Taking the $\sup$ on both sides of the inequality yields:

$\sup|\langle \bf{v},\bf{w} \rangle| \leq \sup\Vert \bf{v} \Vert$

If I could somehow get rid of the $\sup$ on the right side I would be home free. I could be tempted to reason that $\sup\Vert\bf{v}\Vert=\Vert \bf{v}\Vert$, but somehow that does not sound correct since $\bf{v}\in \mathcal{H}$.

2. "||v||= sup ||v||" is trivial because ||v|| is a single number amd the "sup" of a single number is that number.
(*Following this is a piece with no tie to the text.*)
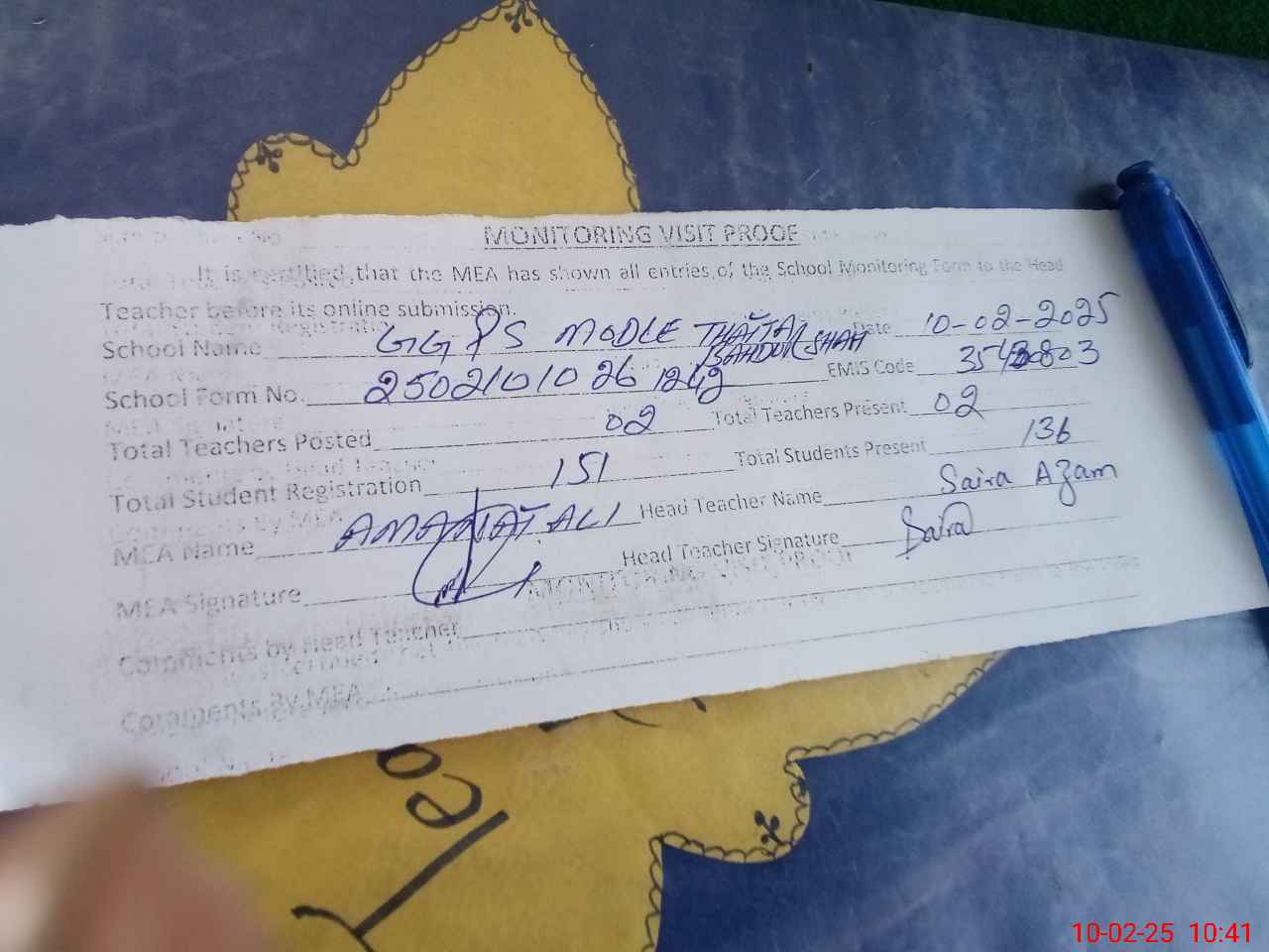 | Attendance Register | Head Teacher | MEA with School | Visit Proof |

Also, although you have been talking about vectors in V you say " $\bf{v}\in \mathcal{H}$. Where did $\mathcal{H}$ come from?

I am concerned about the whole thing. Since, in an inner product space, $\bf{||v||}$ is defined as $\sqrt{}$, shouldn't there be square roots throughout that?
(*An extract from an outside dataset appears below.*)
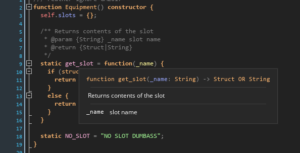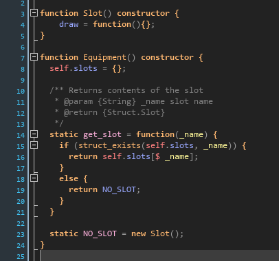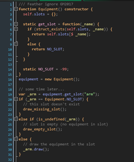 Here, we're using a static on the Equipment constructor to keep the value nicely namespaced, but we could equally use a #macro NO_SLOT -99 instead. Two different ways of achieving the same thing but with slightly different impact on code organization. Sometimes one is better than the other.

3. Originally Posted by surjective
Hey,

For any $\bf{v} \in V$ i would like to show the following:

$
\Vert \bf{v} \Vert = \sup \{ | \langle \bf{v},\bf{w} \rangle| \big| \bf{w}\in V, \Vert w\Vert=1\}
$

I have done the following: To show an equality one can show that the case is true for both $\geq$ and $\leq$. For the $\geq$-case I have used the Cauchy-Schwarz inequality:

$|\langle \bf{v},\bf{w} \rangle| \leq \Vert \bf{v} \Vert \Vert \bf{w} \Vert$

Now since $\Vert \bf{w}\Vert=1$ we have that:

$|\langle \bf{v},\bf{w} \rangle| \leq \Vert \bf{v} \Vert$

Taking the $\sup$ on both sides of the inequality yields:

$\sup|\langle \bf{v},\bf{w} \rangle| \leq \sup\Vert \bf{v} \Vert$ That should say $\color{red}\sup|\langle \bf{v},\bf{w} \rangle| \leq \| \bf{v} \|$ – see HallsofIvy's comment.
What you should now do is to take $\bf{w} = \frac{\bf{v}}{\|\bf{v}\|}$. Then $\|\bf{w}\| = 1$ and $\langle \bf{v},\bf{w}\rangle = \frac{\|\bf{v}\|^2}{\|\bf{v}\|} = \|\bf{v}\|$.

(Of course, you can't divide by 0 so that argument won't deal with the case when $\bf{v}=\bf{0}$. So you have to deal with that case separately.)